You are viewing a plain text version of this content. The canonical link for it is here.
Posted to users@pdfbox.apache.org by Re...@flagstar.com on 2010/02/18 18:42:51 UTC
PDFTextStripper.processTextPosition
Hello,
I was using pdfbox 0.8 version and
PDFTextStripper.processTextPosition(TextPosition text) was called for
every "field"???. With 1.0 it looks like it is calling it for every
character. Could you please tell me how to get it to call only on every
"field". Thank you.
Example:
With 0.8 version
text.getYDirAdj(), text.getXDirAdj(), text.getCharacter()
85.44,28.32,There are
85.44,85.92,comparable sales in the subject neighborhood within the past
twelve months ranging in sale price from $
With 1.0 version
text.getYDirAdj(), text.getXDirAdj(), text.getCharacter()
511.68,157.7402,r
511.68,159.88484,a
511.68,163.43492,n
Regards,
Rekha
This e-mail may contain data that is confidential, proprietary or
non-public personal information, as that term is defined in the
Gramm-Leach-Bliley Act (collectively, Confidential Information).
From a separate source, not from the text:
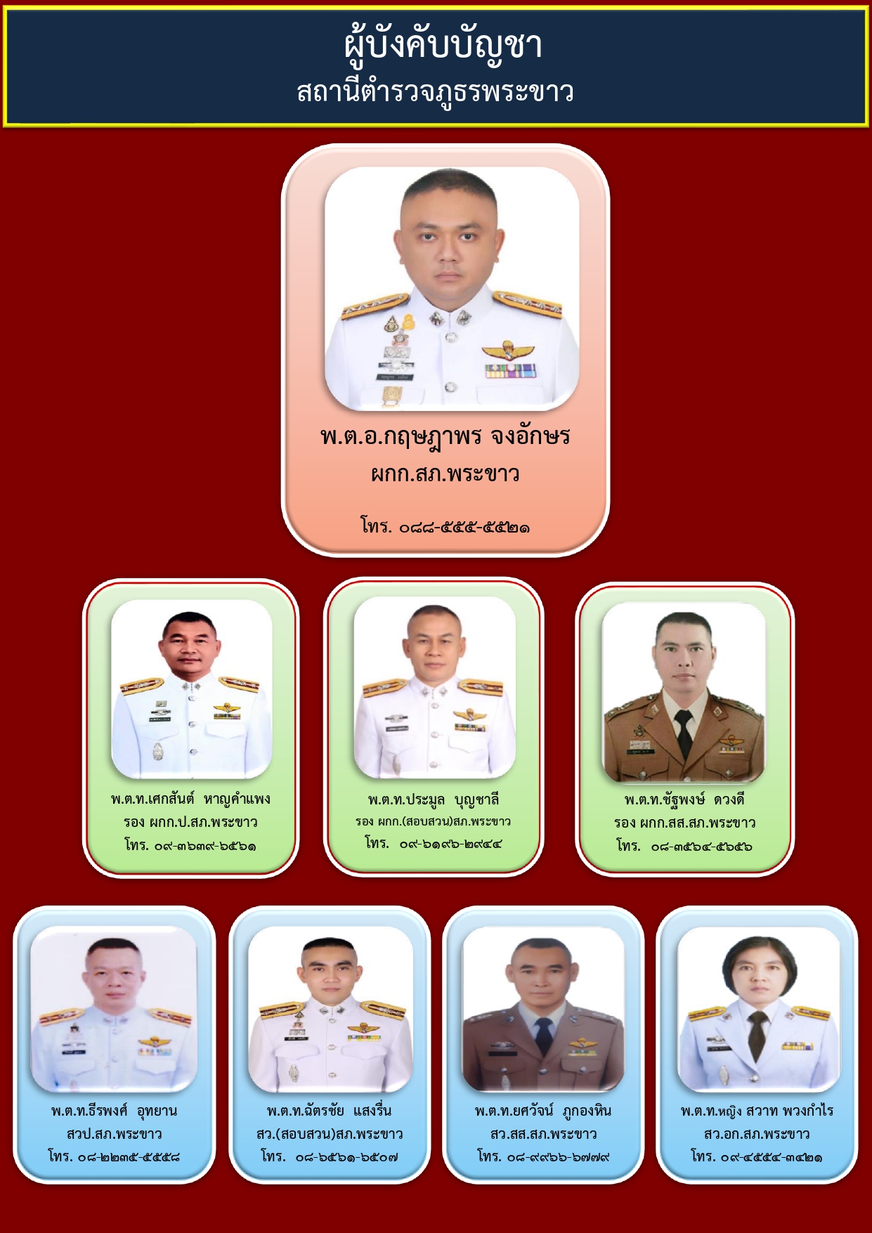 ข้อมูลผู้บังคับบัญชา สถานีตำรวจภูธรพระขาว

The Confidential Information is disclosed conditioned upon your
agreement that you will treat it confidentially and in accordance
with applicable law, ensure that such data isn't used or disclosed
except for the limited purpose for which it's being provided and
will notify and cooperate with us regarding any requested or
unauthorized disclosure or use of any Confidential Information.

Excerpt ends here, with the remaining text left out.